Parse table	`TpuCompilationEnvironment::_table_` @ `0x21cfa9e0` (1121 `FieldEntry`, ascending field#)
This page covers	field #1 – #560 (lower half)
Page B covers	field #561 – #1218 (dictionary B)
Split boundary	#560 `xla_tpu_ici_sdc_test_run_on_program_start` ends here; #561 `xla_tpu_debug_sflag_wait_timeout_ms` opens page B
Names verified	22 spot-checked verbatim in `.rodata` strings; 0 misses

How to Read These Tables

Each row is one live field, in ascending field-number order. Columns are uniform across every group:

# — the proto field number (the wire tag). Numbers are not contiguous: TCE has 97 deletion gaps in 1..1218 (no reserved_range; deleted fields simply vanish from the descriptor). Gaps inside this page's range are listed in §Field-Number Gaps.
Field name — the verbatim proto field name, identical to the registered absl::Flag name. Most carry the xla_tpu_ / xla_jf_ / xla_ prefixes; a handful are bare (config_criterion, loop_invert, rematerialization_algorithm).
Type — the proto base type. For enum and message, the Wrapper / message type column names the concrete type.

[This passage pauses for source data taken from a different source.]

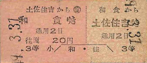 土佐電気鉄道 B型 往復乗車券 和食→土佐住吉→和食 20円 1974年/昭和49年3月31日 和食駅発行 |
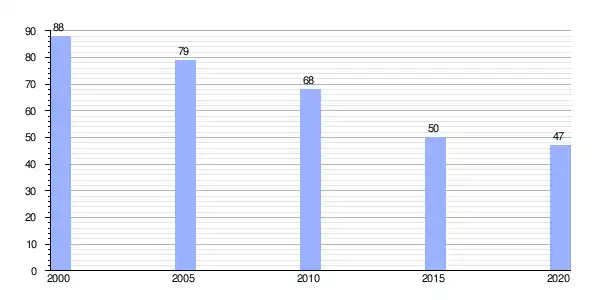 | Gráfica de evolución demográfica de Argomoso entre 2000 y 2020 |
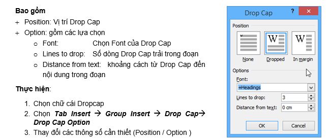 - Chọn Tab Insert à Group Insert à Drop Cap
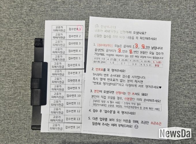 오학동은 최근 ‘고유가 피해지원금’ 신청이 시작됨에 따라, 업무 개시 전부터 대기하는 주민들을 위해 대기 공간에 배려가 담긴 안내 편지를 비치했다.
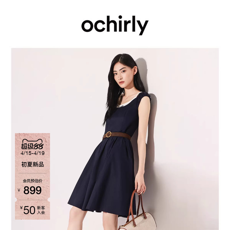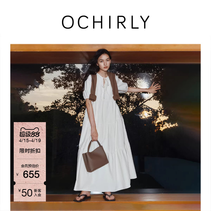 【新品】OCHIRLY欧时力 连衣裙2026夏季假两件纯棉收腰A字裙子
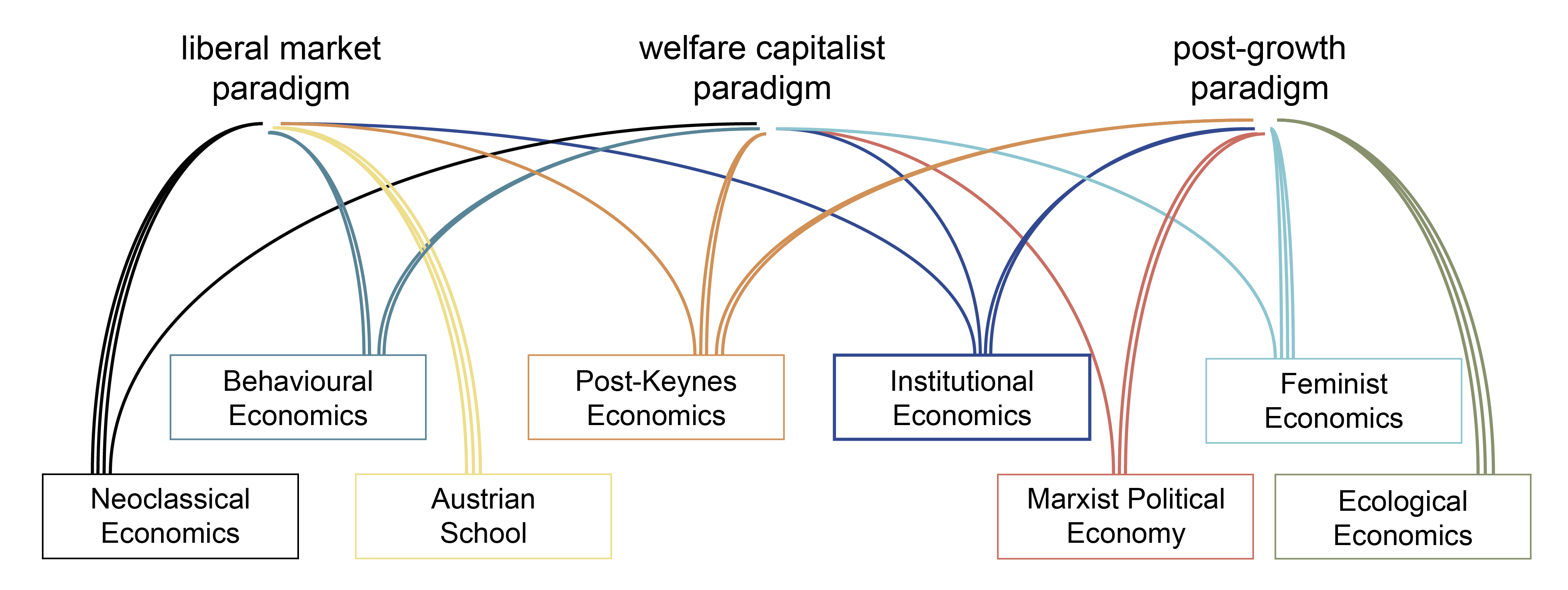 In the next section, we will explore various approaches to sustainable economics. We will draw on these guiding paradigm, focusing in particular on the post-growth paradigm and, to a lesser extent, on green growth approaches within the welfare capitalist paradigm. In line with the different influences of these schools of thought on the frameworks, we will also have to consider the various economic theories and approaches of pluralist economics. These theories offer different perspectives on the challenges and goals of sustainable economics and shape the three paradigms. Below is an overview of how these schools of thought influence the three paradigms– market liberalism, welfare capitalism, and post-growth. This overview should enable us to better understand the many facets of the sustainability debate and develop approaches that can meet the requirements of a more sustainable future. However, these classifications are not set in stone and may vary depending on the specific point of view and context. Some schools of thought may also fall completely outside the three guiding paradigms. In pluralist economics, there are a variety of approaches and theories that can shed light on different aspects of economic and societal design. Combining and integrating these different perspectives can lead to a more comprehensive understanding and approach to promoting sustainability.
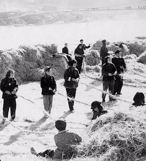 職工為草土圍堰施工打草繩
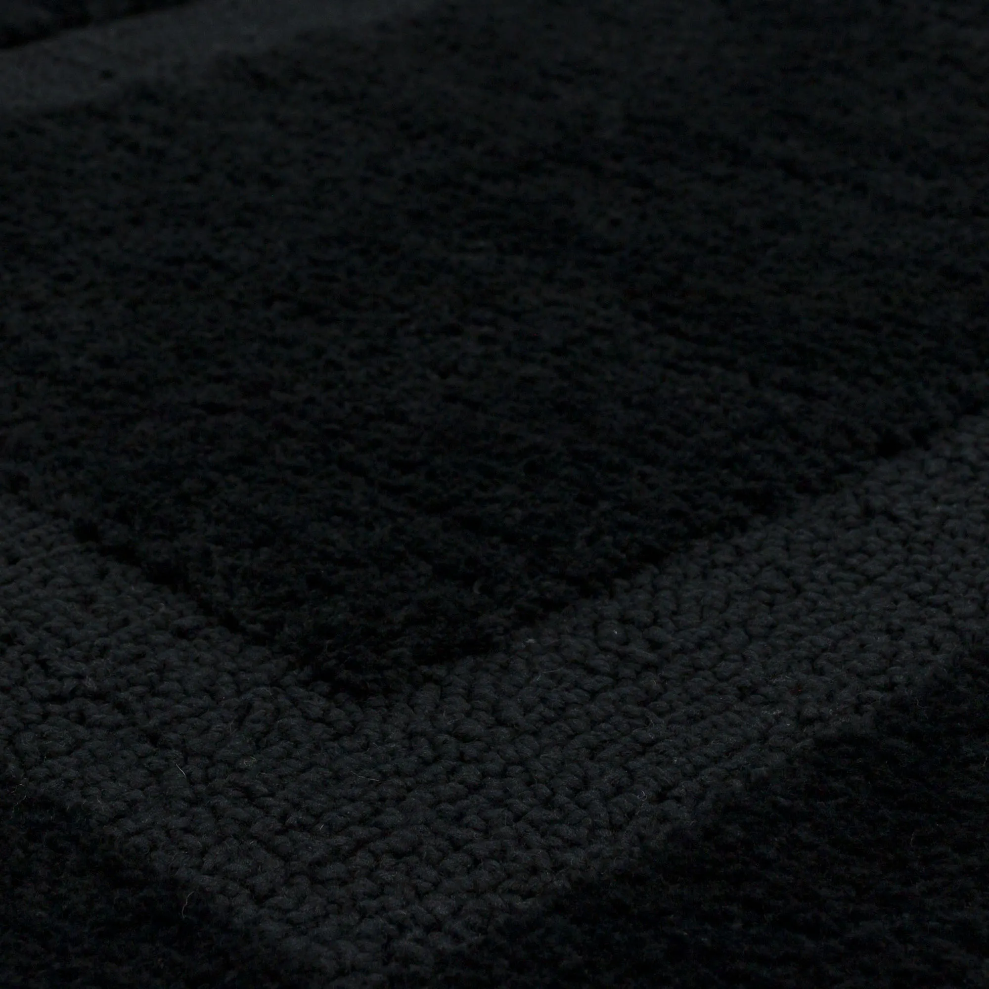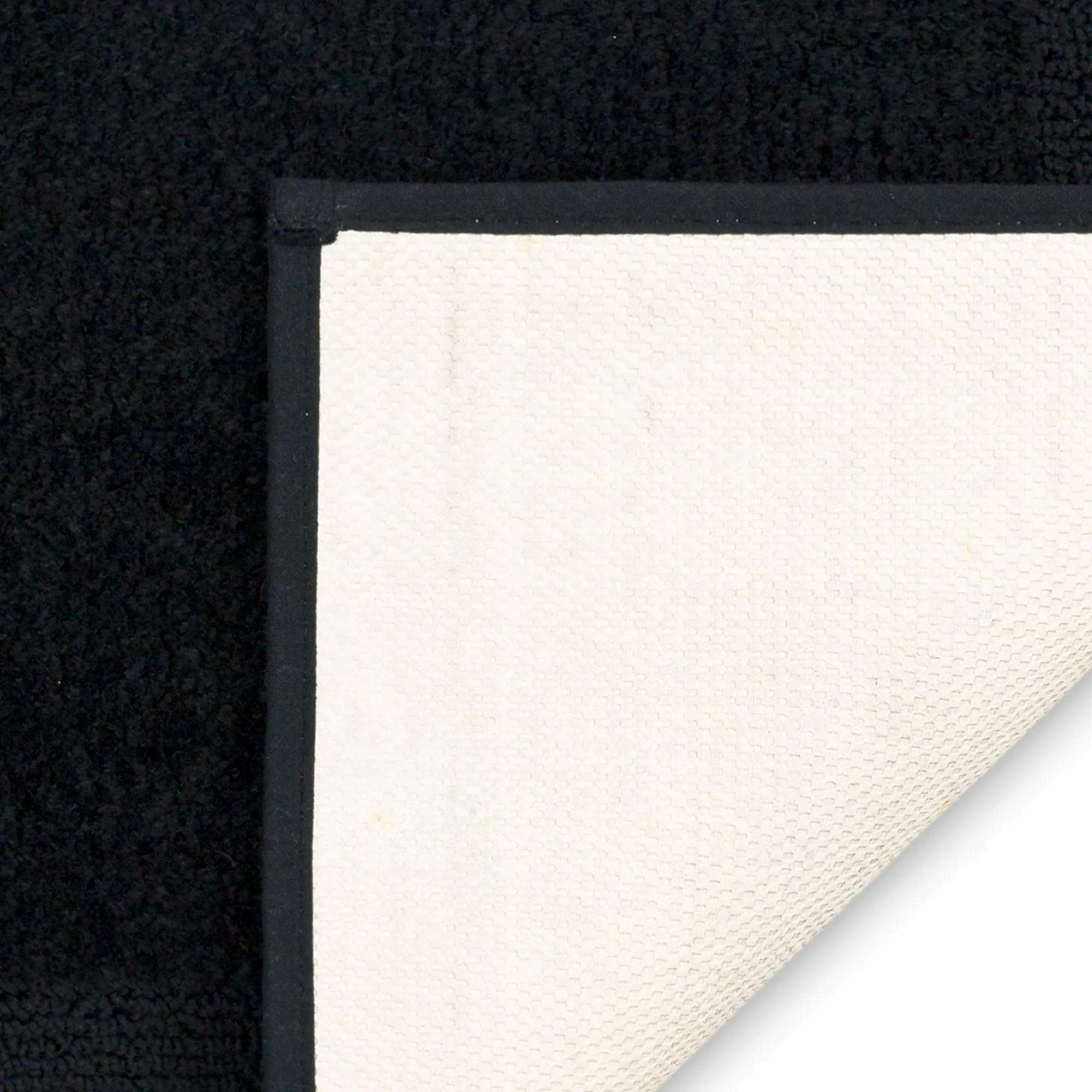 Refresh any space with the exquisite look of the Prestige Black Bath Rug. This sumptuously soft, polyester micro denier rug, .63" thick, has a knitted construction, a high-low pile, and bound ends. The bath rug is a solid color with a frame design. Durable rug is perfect in everyday areas and offers advanced soil, stain, fade, and skid protection. Back is nonskid latex. One-year manufacturing defects warranty. Machine washable. Imported.

NOTE — the 423 non-scalar fields split into 74 enum-typed (67 of them TristateProto.Value = AUTO/DISABLED/ENABLED, plus 7 direct helper enums) and 349 message-typed (330 are the 30-arm AutoProto switch wrapper; the remaining 19 are typed helper messages such as RangeSpecProto, RepeatedStrings, and the msa.* option messages). The wrapper enum value-by-value tables and the AutoProto arm list live on TpuCompilationEnvironment; this page only names the wrapper per field.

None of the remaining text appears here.